**WORK INSTRUCTION**
Output exactly, in the material below, the lines from the one with "Liebe - Geld | |" through the one with "除了用量,CC Switch". Omit all pictures.

**RECORDS TO USE**

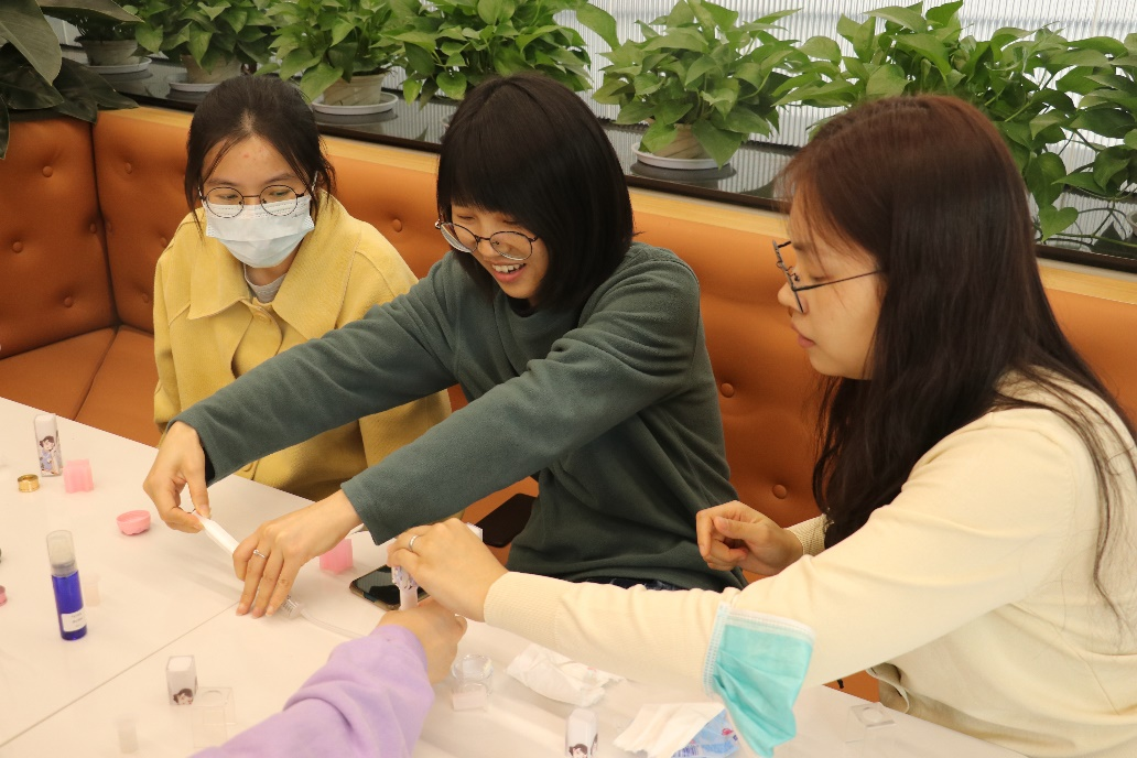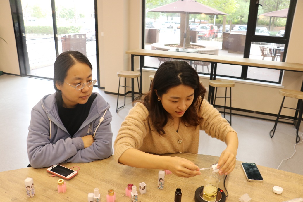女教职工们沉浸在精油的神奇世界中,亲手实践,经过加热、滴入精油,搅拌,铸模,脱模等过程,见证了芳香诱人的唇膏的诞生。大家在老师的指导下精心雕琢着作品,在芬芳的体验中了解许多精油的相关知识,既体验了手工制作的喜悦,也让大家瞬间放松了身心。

* * *

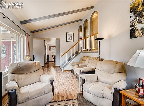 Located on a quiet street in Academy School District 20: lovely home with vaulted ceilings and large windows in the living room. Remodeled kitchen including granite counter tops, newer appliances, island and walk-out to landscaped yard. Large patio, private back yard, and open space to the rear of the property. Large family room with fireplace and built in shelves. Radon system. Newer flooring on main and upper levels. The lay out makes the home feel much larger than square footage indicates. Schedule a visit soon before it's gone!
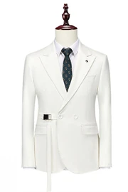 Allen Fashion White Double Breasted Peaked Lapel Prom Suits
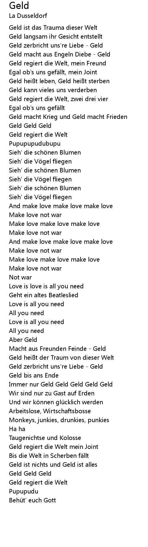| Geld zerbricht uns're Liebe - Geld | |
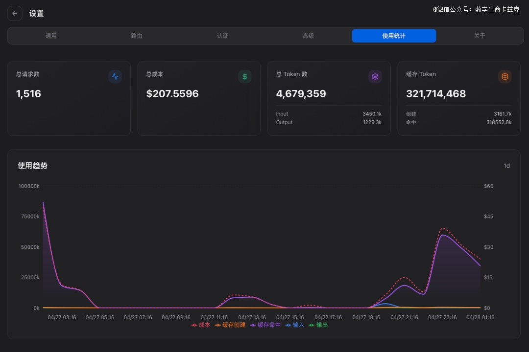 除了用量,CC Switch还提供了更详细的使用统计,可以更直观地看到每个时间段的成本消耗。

**TASK SOLUTION**
| Geld zerbricht uns're Liebe - Geld | |
 除了用量,CC Switch还提供了更详细的使用统计,可以更直观地看到每个时间段的成本消耗。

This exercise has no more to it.